Net debt was approximately $31 million at quarter end, representing a $1 million increase from year-end, consisting of traditional bank debt and a revolver. The small increase was driven by an increase in short-term financing and foreign currency movements.
The team is confident that the company will have the liquidity through cash and other credit lines open to meet each of these obligations and any others that are scheduled over the next 12 months. We remain in compliance with all debt covenants.
At March 31 the company had available liquidity of approximately $28 million, consisting of $16 million of cash, $10 million on the revolver and $2 million in working capital facilities. With that, I will now turn the call back to Steve..
Thanks, Joe. Please turn to slide eight and let's turn our attention to our outlook for Q2 2021. COVID-19 will continue to be top of mind for all of us at Manitex.
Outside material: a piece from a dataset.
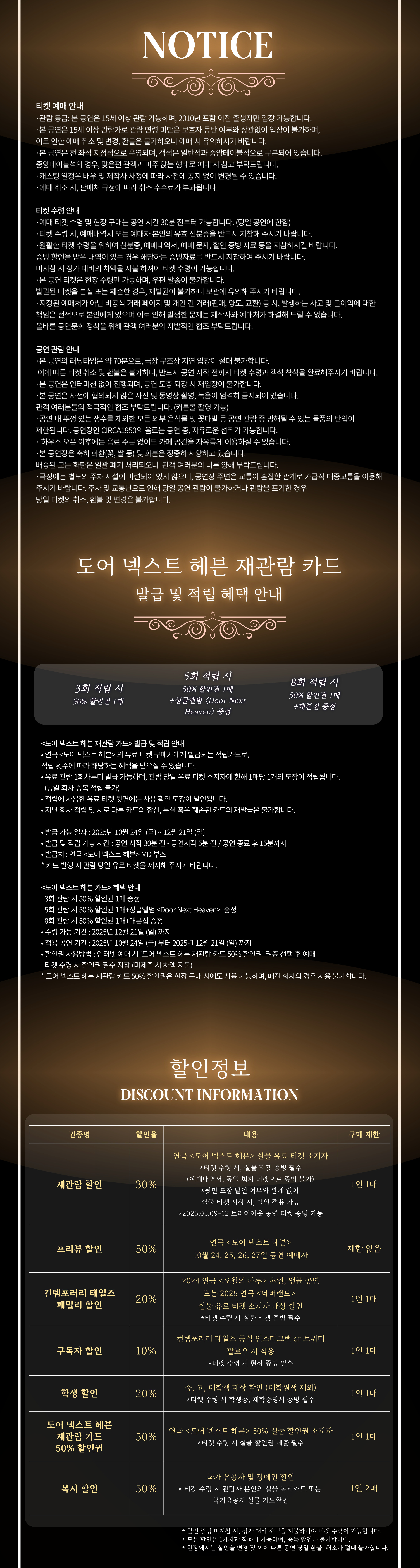 - 관람일 2일전 ~ 취소기한까지: 티켓금액의 30%

And while vaccination rates continue to show progress globally, we still have a long way to go and we will remain vigilant about our team's health and safety for the future.
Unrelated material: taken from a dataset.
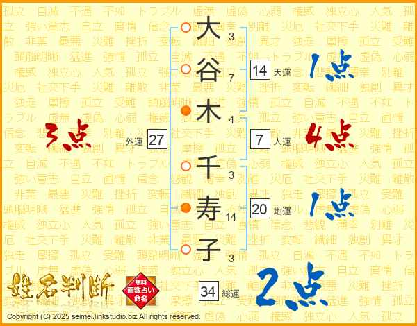 大(3画)谷(7画)木(4画) 千(3画)寿(14画)子(3画)

As we have commented several times today, our record backlog of over $100 million gives us confidence and visibility to what we expect to be much improved financial results in 2021 over 2020. And we're excited to see that this demand is coming from all markets and across all businesses.
We still have challenges to overcome, as we ramp up to meet this growing demand, but I'm confident our management team is taking the right steps to mitigate any supply chain issues that arise.
We're also working with our customers and our dealers to deal with the current volatility in component pricing and taking the necessary actions to not dilute our margins.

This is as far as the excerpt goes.